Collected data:

--------------------------------

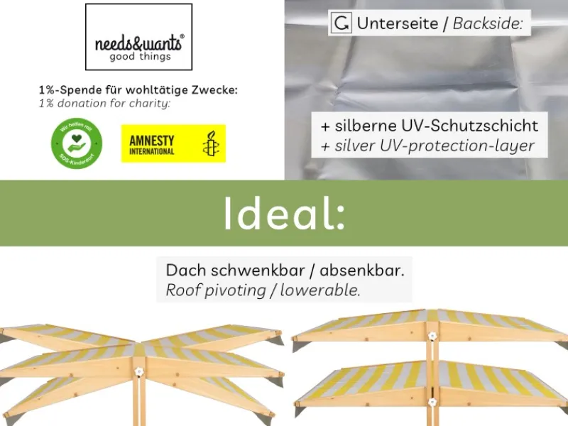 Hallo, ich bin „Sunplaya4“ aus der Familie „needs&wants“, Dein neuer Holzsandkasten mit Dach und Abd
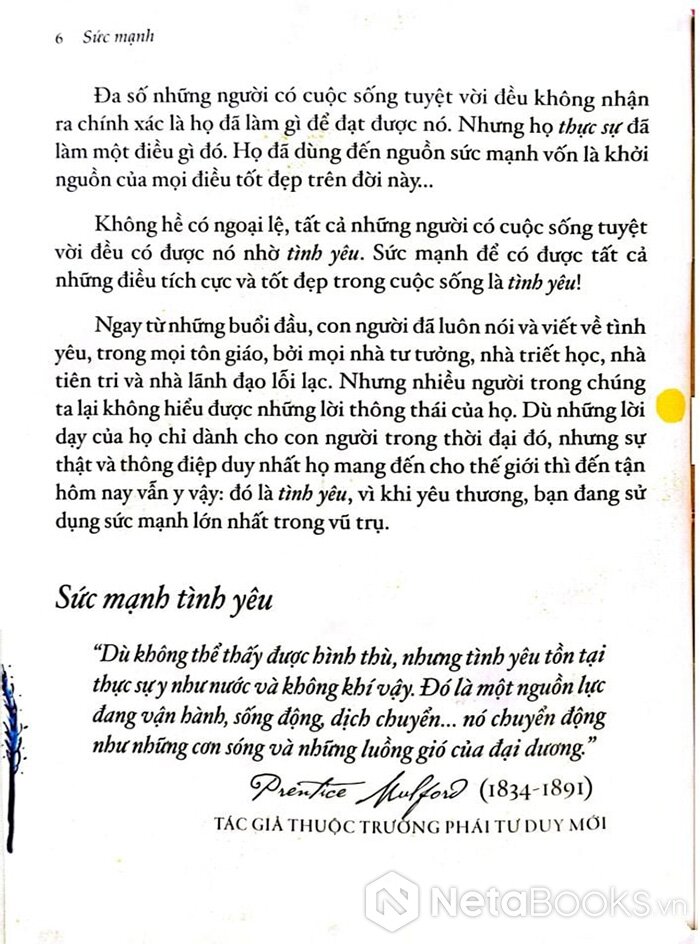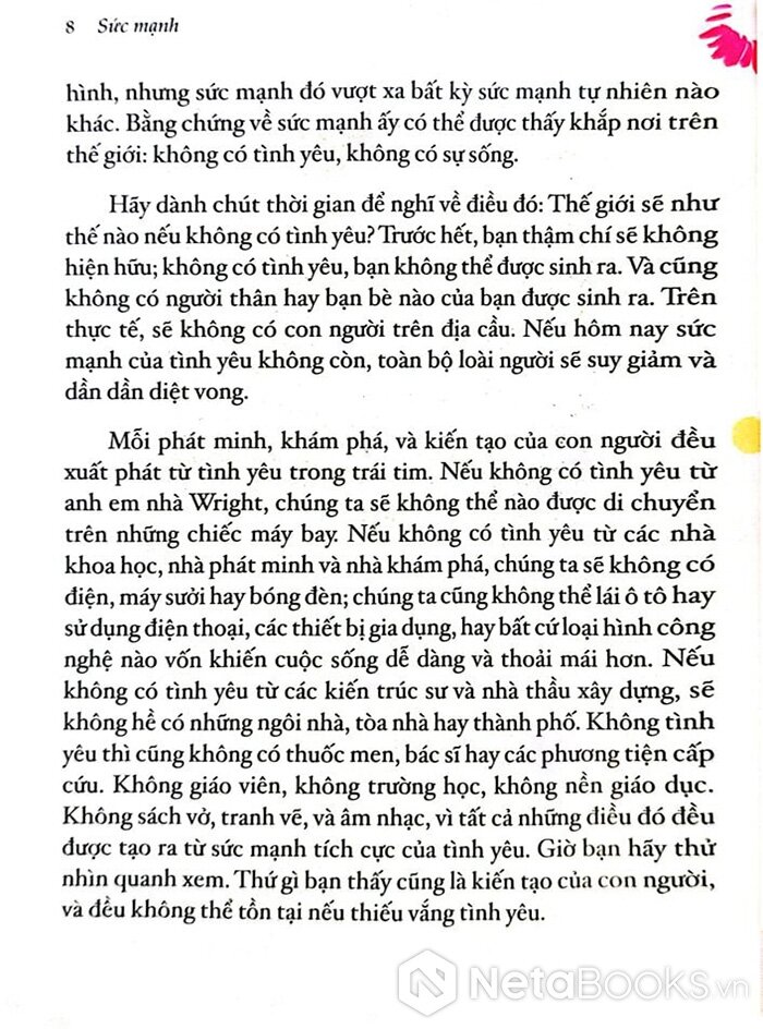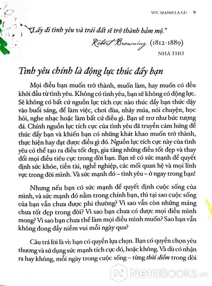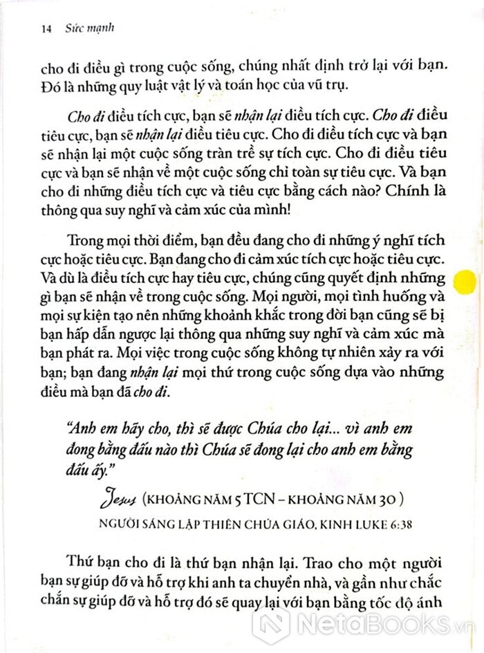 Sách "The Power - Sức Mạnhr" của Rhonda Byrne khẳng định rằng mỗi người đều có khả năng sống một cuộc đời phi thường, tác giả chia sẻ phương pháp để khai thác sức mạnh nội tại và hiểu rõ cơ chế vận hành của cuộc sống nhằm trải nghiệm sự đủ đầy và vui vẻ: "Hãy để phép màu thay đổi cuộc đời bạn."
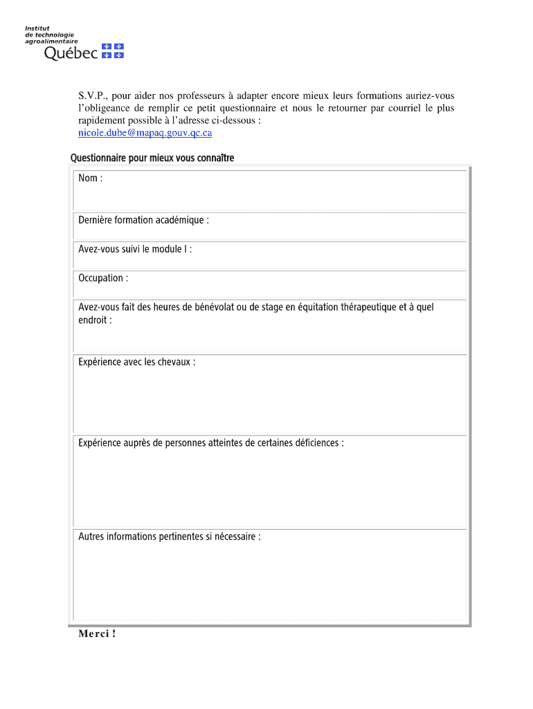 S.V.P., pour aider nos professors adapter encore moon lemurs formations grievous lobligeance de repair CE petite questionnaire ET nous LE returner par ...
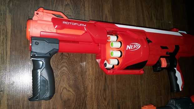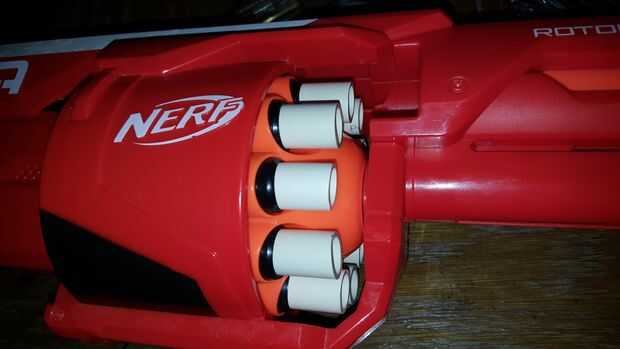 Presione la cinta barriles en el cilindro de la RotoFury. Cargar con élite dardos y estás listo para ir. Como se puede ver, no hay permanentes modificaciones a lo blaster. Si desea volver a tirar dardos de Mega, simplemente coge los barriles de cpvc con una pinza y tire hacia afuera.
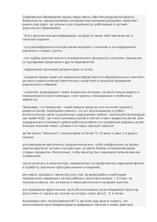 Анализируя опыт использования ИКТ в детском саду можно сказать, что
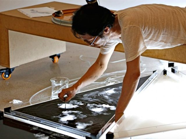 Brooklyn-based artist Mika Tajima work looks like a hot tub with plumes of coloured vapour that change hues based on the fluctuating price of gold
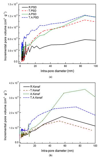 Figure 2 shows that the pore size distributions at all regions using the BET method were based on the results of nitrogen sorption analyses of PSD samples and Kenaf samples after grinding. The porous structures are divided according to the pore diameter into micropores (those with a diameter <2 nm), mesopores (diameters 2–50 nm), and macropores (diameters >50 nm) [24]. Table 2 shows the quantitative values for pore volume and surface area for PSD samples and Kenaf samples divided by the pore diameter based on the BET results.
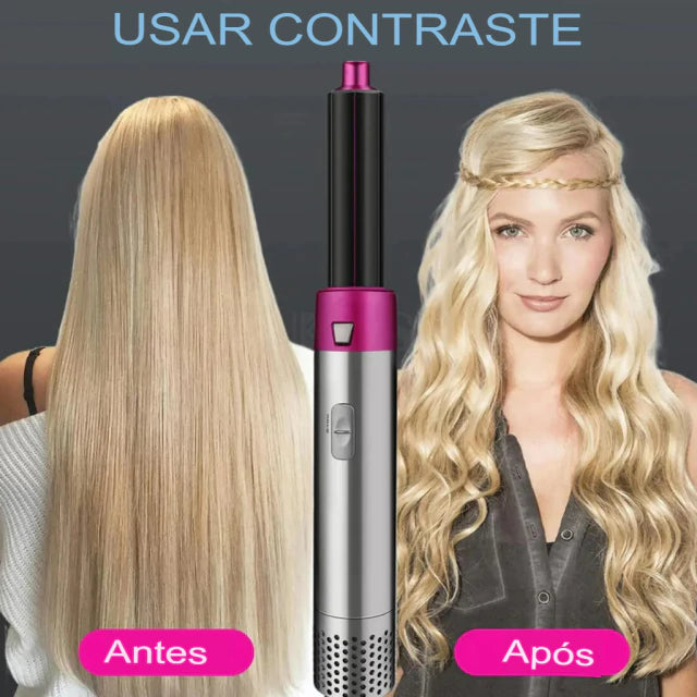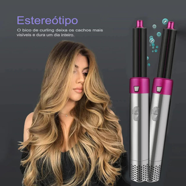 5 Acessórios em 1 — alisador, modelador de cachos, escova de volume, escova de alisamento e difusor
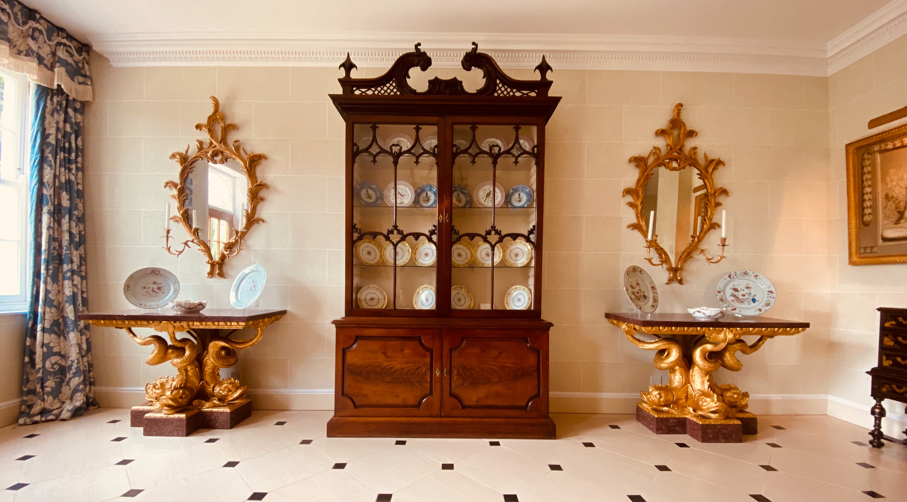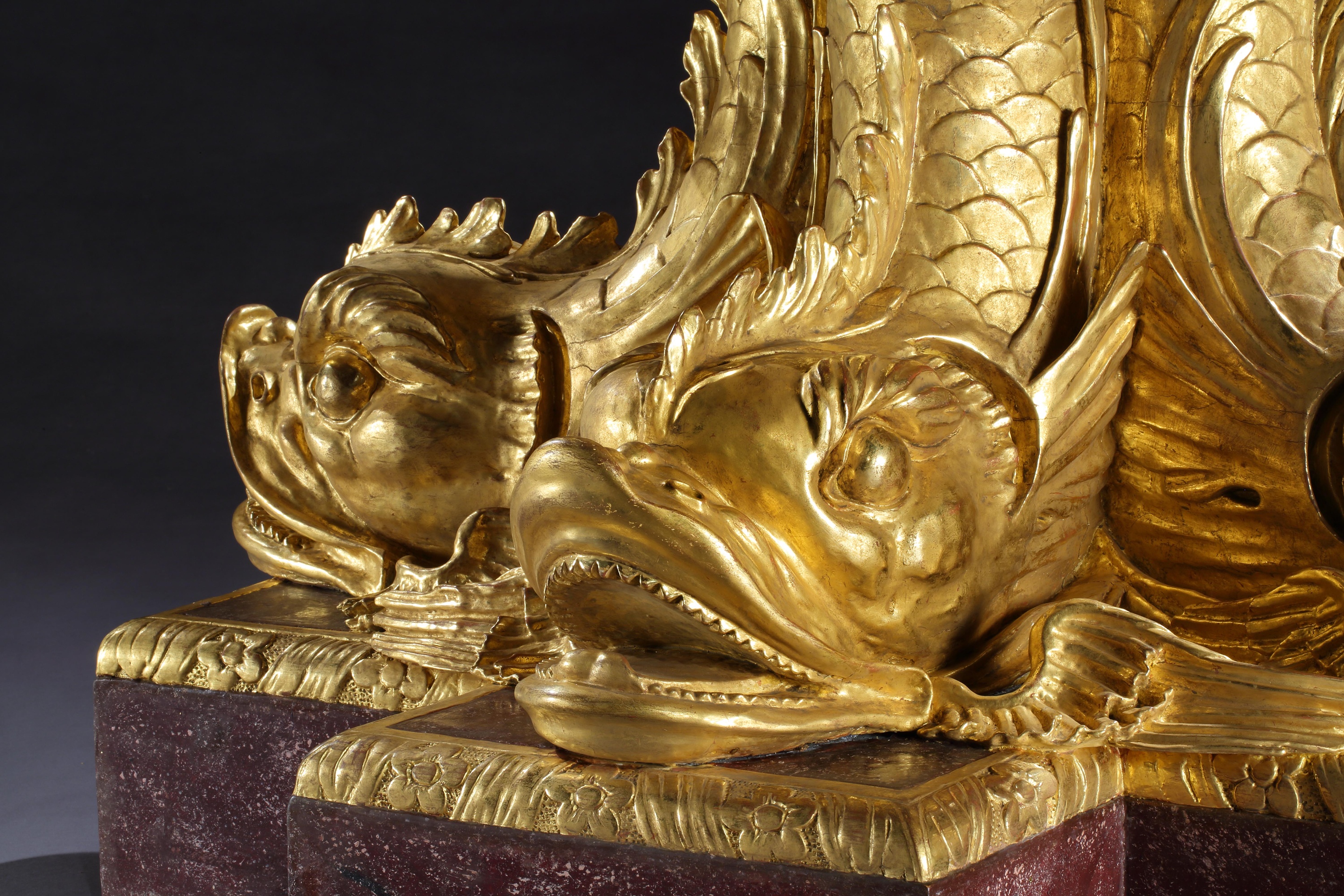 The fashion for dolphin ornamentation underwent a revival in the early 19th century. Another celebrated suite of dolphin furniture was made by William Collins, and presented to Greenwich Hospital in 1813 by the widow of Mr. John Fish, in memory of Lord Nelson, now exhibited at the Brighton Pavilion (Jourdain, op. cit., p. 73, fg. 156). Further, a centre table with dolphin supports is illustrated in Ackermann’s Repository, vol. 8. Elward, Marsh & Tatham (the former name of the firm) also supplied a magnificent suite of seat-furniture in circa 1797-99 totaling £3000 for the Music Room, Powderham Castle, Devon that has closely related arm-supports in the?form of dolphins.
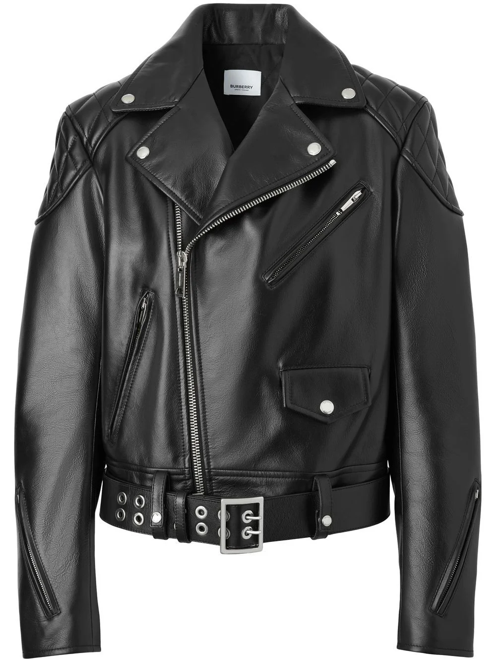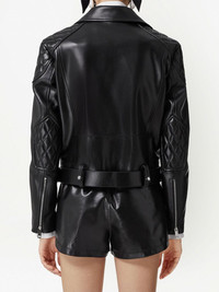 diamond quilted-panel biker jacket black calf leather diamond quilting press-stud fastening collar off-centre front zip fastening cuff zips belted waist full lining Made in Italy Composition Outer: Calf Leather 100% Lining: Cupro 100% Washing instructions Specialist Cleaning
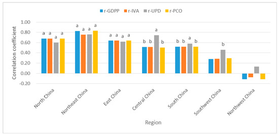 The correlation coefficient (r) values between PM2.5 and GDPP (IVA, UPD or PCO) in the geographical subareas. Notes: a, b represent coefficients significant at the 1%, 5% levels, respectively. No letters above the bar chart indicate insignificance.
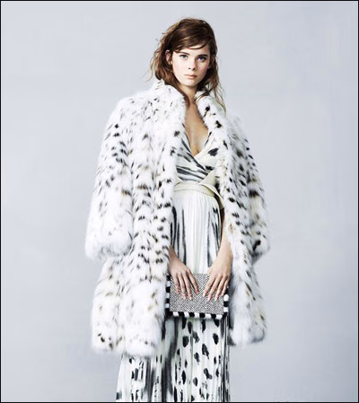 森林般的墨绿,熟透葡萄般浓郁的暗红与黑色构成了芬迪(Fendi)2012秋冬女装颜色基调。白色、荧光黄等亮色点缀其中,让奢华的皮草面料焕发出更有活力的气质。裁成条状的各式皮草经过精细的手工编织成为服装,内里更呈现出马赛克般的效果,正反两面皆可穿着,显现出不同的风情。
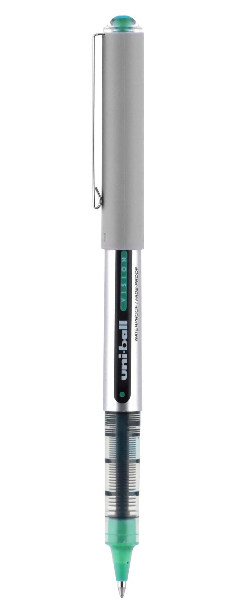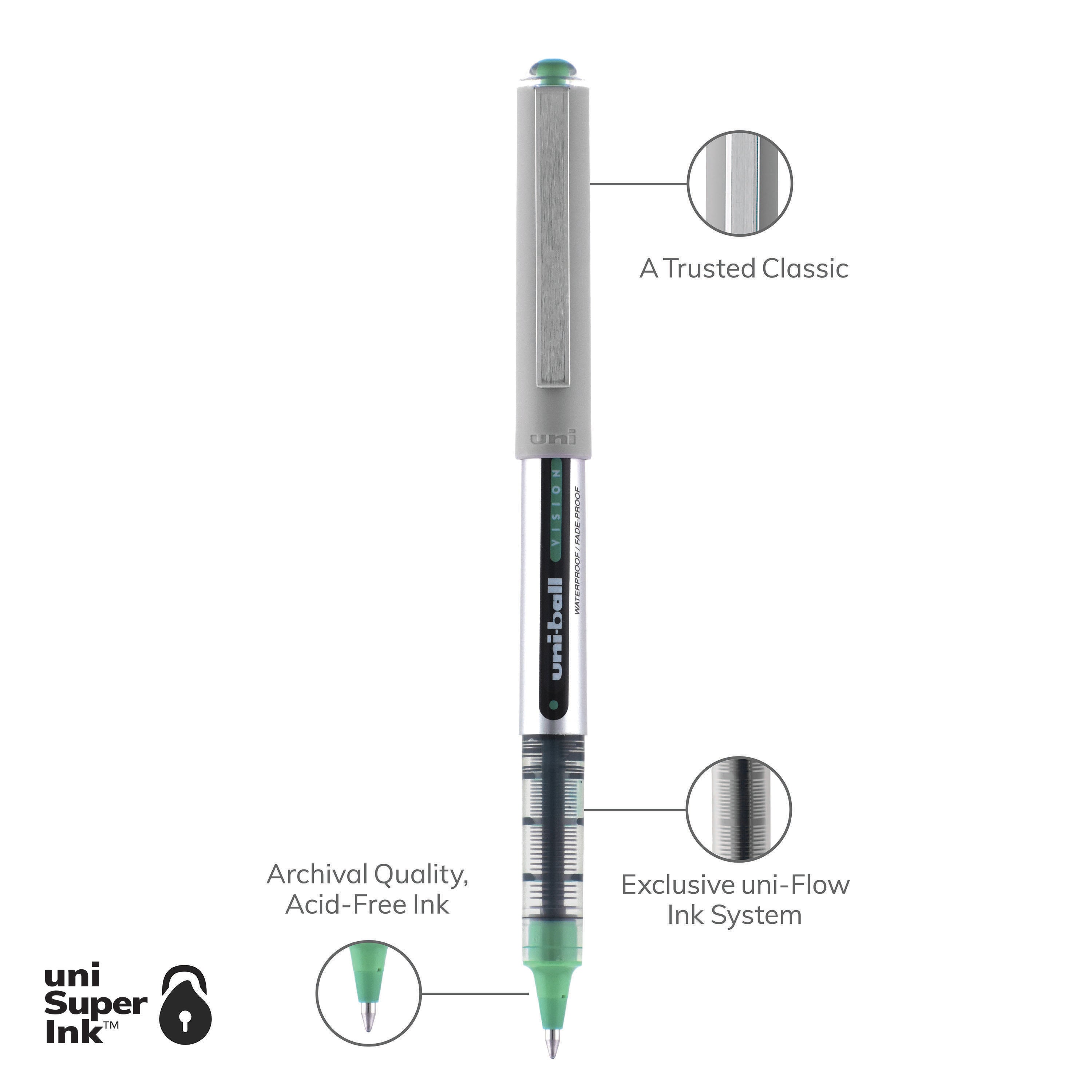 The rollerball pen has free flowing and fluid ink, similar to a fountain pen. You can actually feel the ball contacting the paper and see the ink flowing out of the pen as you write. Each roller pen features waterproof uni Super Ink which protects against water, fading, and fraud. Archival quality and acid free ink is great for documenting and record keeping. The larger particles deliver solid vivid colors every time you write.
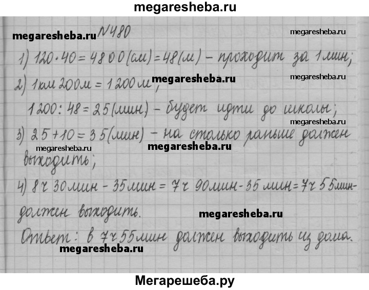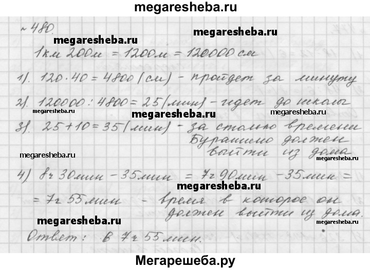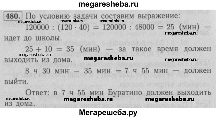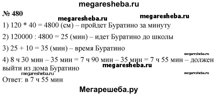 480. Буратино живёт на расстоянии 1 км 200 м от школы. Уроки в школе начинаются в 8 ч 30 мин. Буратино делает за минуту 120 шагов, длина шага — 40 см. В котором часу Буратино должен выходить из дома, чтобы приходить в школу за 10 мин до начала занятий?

--------------------------------

Assignment: Each line from the start of the entries through the line with "Power - Sức" is to be restated exactly, and the pictures are to be skipped.

Solution to the problem:
 Hallo, ich bin „Sunplaya4“ aus der Familie „needs&wants“, Dein neuer Holzsandkasten mit Dach und Abd
 Sách "The Power - Sức Mạnhr" của Rhonda Byrne khẳng định rằng mỗi người đều có khả năng sống một cuộc đời phi thường, tác giả chia sẻ phương pháp để khai thác sức mạnh nội tại và hiểu rõ cơ chế vận hành của cuộc sống nhằm trải nghiệm sự đủ đầy và vui vẻ: "Hãy để phép màu thay đổi cuộc đời bạn."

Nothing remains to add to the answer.